I am getting OOM on one node of a 2-node Weblogic cluster when coherence tries to replicate cache data.
I am unable to insert images, so ...
Please download zip containing screenshots and config files from the link below: (Ignore the browser error -> Click on the download link at the top-left)
List of files:
3 screenshots of MAT (Memory Analyser tool)
2 coherence config files
WebLogic Server Version: 10.3.3.0
Can you please share with us the JVM arguments used in the Coherence nodes?
Also, can you provide the average of data that is handled (intended) to store in Coherence?
My guess is that you're not reclaiming appropriately the entries when they became unused, and so, they won't fit in the heap space.
Finally, are you using J9 as the JVM? Is this a AIX platform?
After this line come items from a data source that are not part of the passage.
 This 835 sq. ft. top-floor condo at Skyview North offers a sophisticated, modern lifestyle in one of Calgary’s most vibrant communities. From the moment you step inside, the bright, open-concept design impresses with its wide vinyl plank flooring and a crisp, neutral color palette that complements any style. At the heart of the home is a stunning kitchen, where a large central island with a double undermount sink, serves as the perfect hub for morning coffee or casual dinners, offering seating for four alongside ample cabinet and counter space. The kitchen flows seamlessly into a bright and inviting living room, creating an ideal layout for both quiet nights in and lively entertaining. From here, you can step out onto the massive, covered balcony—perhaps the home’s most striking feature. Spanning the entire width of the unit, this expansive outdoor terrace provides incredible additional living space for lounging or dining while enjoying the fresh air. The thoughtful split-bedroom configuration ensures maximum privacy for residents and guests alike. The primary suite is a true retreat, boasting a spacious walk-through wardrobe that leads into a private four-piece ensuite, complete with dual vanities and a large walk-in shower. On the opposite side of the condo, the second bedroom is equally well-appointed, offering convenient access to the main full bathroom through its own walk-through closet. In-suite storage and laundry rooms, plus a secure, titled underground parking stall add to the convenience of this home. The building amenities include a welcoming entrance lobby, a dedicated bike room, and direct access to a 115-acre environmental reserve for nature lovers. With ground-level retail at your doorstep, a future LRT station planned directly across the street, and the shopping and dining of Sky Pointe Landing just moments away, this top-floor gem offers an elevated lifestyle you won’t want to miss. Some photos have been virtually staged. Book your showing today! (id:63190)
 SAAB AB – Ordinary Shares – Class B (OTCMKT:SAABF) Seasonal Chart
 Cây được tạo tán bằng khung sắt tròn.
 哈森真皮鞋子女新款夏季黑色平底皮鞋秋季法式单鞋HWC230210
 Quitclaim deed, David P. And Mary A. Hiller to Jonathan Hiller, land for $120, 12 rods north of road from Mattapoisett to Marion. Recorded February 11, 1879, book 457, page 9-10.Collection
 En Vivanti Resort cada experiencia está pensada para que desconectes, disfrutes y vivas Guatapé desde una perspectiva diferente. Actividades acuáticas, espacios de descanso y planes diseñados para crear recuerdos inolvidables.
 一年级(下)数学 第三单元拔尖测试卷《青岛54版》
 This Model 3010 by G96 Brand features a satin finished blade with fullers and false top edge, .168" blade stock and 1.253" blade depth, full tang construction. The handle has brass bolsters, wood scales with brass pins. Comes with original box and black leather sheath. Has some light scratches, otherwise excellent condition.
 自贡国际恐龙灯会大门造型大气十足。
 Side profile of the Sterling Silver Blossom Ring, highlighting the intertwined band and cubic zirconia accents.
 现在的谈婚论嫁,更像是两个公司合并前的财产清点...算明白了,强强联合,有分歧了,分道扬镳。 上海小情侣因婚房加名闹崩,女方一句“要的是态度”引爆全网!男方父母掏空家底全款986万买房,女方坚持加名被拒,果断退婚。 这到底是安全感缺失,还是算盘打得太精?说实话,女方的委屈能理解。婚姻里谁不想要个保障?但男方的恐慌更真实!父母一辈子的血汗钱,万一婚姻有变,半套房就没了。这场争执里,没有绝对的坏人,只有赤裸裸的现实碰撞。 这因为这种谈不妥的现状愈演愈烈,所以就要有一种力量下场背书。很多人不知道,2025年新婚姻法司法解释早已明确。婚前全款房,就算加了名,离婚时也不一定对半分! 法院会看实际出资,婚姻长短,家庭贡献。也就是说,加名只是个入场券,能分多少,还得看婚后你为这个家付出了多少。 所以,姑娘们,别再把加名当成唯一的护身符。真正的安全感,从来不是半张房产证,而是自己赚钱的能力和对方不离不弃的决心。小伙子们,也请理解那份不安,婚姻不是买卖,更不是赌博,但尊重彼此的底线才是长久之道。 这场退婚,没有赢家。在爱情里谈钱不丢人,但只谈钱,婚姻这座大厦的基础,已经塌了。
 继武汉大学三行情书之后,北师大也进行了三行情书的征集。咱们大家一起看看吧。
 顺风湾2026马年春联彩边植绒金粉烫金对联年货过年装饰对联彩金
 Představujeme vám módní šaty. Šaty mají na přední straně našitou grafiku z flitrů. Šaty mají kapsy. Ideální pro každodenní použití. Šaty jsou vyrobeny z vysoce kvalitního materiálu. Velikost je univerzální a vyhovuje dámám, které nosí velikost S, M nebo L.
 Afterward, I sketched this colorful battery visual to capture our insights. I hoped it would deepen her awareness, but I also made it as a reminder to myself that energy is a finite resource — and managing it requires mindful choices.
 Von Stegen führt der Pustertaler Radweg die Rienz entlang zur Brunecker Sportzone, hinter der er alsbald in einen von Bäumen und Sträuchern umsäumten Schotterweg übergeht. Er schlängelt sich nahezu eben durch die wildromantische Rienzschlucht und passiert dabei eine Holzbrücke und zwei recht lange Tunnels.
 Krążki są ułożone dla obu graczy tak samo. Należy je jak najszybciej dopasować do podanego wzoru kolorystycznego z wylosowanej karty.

weblogic 17118 17034 12 04:55 ? 00:06:19 /apps/sw/oracle/mw/jrockit-x64/bin/java -jrockit -Xms6g -Xmx6g -Dweblogic.Name=HWP-NGI-1 -Djava.security.policy=/apps/sw/oracle/mw/app_18.104.22.168/wlserver_10.3/server/lib/weblogic.policy -Dweblogic.ProductionModeEnabled=true -Xmanagement:ssl=false,authenticate=false,port=7099 -Dweblogic.nodemanager.ServiceEnabled=true -Dweblogic.security.SSL.ignoreHostnameVerification=true -Dweblogic.ReverseDNSAllowed=false -Dweblogic.Stdout=/logs/servers/HWP-NGI-1/HWP-NGI-1.out -Djava.util.logging.config.file=gs_logging.properties -da -Dplatform.home=/apps/sw/oracle/mw/app_22.214.171.124/wlserver_10.3 -Dwls.home=/apps/sw/oracle/mw/app_126.96.36.199/wlserver_10.3/server -Dweblogic.home=/apps/sw/oracle/mw/app_188.8.131.52/wlserver_10.3/server -Ddomain.home=/apps/services/mw/HIAS-WLS-PAT -Dcommon.components.home=/apps/sw/oracle/mw/app_184.108.40.206/oracle_common -Djrf.version=11.1.1 -Djrockit.optfile=/apps/sw/oracle/mw/app_220.127.116.11/oracle_common/modules/oracle.jrf_11.1.1/jrocket_optfile.txt
See more screenshots (you need to unzip)
Object cached to coherence - ScheduledSegment. This is a huge list (> 3 million), but pushed to coherence as a batch (average 100 objects in a batch)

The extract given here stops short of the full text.